Right Way of Relating
For over twenty years many Catholics have expressed puzzlement over two situations in the Catholic Church: Why pro-life Catholics are unable to get most priests and bishops involved in combating abortion and why, year in and year out, bishops remain so zealously and publicly focused on eliminating capital punishment.
Aside from a few bold leaders, the hierarchical response to thirty-four years of legal abortion is a weary, repetitive annual statement from the NCCB and a dramatic appearance at the Shrine of the Immaculate Conception’s Mass on the eve of Roe vs. Wade’s anniversary. Anyone who has ever attended the Mass that precedes the March for Life, witnesses first hand the spirit and power of the people “terrible as an army set in battle array,” waging spiritual warfare on behalf of the sanctity of life. But when the valiant warriors return home they find the same old apathy among the majority of their priests and bishops. Sadly, Cardinal Law’s once inspiring voice ringing out, “Tomorrow, we march,” is now a tarnished reality.
When staunchly pro-abortion Catholic John Kerry became a presidential candidate, the long awaited teaching moment arrived. The world’s eyes watched while Kerry simultaneously trashed Church teaching and received Holy Communion. It could have been the bishops’ finest hour. They dissembled; millions were misled.
At this year’s United States Council of Catholic Bishops’ (USCCB) November conference in Washington, D.C., Cardinal McCarrick said he would meet with Catholic politicians who reject Church teaching to seek their opinions on the abortion issue. Another Catholic bishop is telling us that publicly pro-abortion Catholic Congressmen “don’t understand their faith.” Just what exactly about killing a child in the womb do these well-educated, adult Senators not understand, Your Excellency?
On the flip side of the coin one finds the U. S. Bishops in a near frenzy to find ways to eliminate capital punishment. Nearly one-third of their time in Washington was spent on this all-consuming issue. Following their deliberations they issued an eleven page statement calling for a campaign to eliminate the death penalty (once and for all) in the United States.
In a November 18th article, News from the U. S. Bishops – Whoever they are, Dr. Jeffrey Mirus, founder and president of CatholicCulture.org, calls the bishops’ position and the launching of their campaign “a usurpation of a role proper to the laity.” Agreeing or disagreeing on capital punishment is a prudential judgment, not a tenet of the Church. Regarding issues, Mirus writes, “Yet the bishops clearly have no clue how to handle any of them, apparently because they don’t understand their own identity. Who are the bishops, anyway?”

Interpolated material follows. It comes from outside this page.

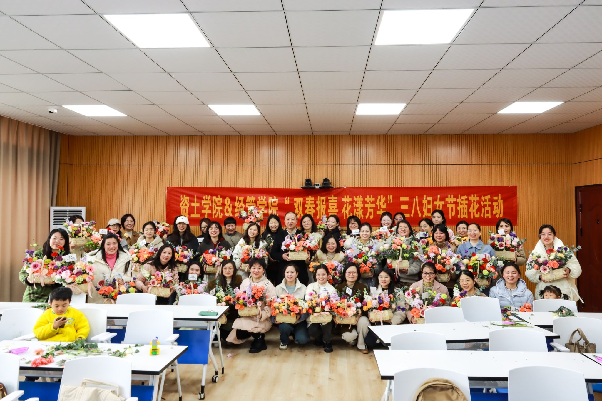 本网讯:三月芳菲始,巾帼绽芳华,为庆祝第115个“三八”国际劳动妇女节,3月8日上午,申博sunbet联合经济管理公司在智慧教室Z628举办了“双春报喜 花漾芳华”三八妇女节主题插花活动,以花之名向全院女教职工致以节日祝福。

Most right-thinking Catholics simply can’t understand the bishops’ fixation with the lives of perhaps two hundred persons on death row (worthy of consideration as they are), and the near total unconcern for the four thousand lives of the unborn snuffed out in the womb each day. There is something intrinsically wrong here and it is not just the numbers.
Back in 2002 when the sexual abuse crisis erupted, even Catholics who were knowledgeable regarding the troubles in the Church were blindsided. Subsequent reports informed Catholics of the influx of homosexuals into seminaries to replace the huge number of priests who left the priesthood to marry. Some of these homosexual men became bishops. In the last several years, no fewer than six bishops resigned their posts when their homosexual activity became public knowledge. Today, it would be hopelessly naïve and irresponsible not to recognize that some U.S. bishops are homosexual/gay persons; that the priesthood contains many men who share a similar inclination. Laying aside these men’s celibate conduct (whether observed or ignored), Dr. Mirus may have hit on just the right word; identity. He suggests the bishops perhaps see themselves as laymen.
Is there is a different understanding of identity for the gay priest or gay bishop? As human beings we resonate psychologically with what we know, feel, and understand, that to which we relate. Are homosexual/gay priests unable to connect emotionally with the reproductive act that produces a child who may become an abortion statistic? By the same token would a gay man more readily relate to a convicted criminal since they too suffered isolation, ostracism, denigration and guilt in their lifetimes?
In other words is there a connection between the bishops and priests’ apathy for the pro-life cause and their passion to end capital punishment tied up in their perceived identity?
Far-fetched? Maybe not. A sentence in the Vatican document barring gays from the seminary reads: “The above persons find themselves, in fact, in a situation that gravely obstructs a right way of relating with men and women.” Could the absence of a “right way of relating” be the reason bishops give pro-life concerns lip service, work eagerly for prisoners and adopt sexually explicit child protection programs administered by staffers with pro-abortion connections such as Teresa Kettlecamp, Head of the Office of Child and Youth at the USCCB? Answers to the puzzle may be emerging after all.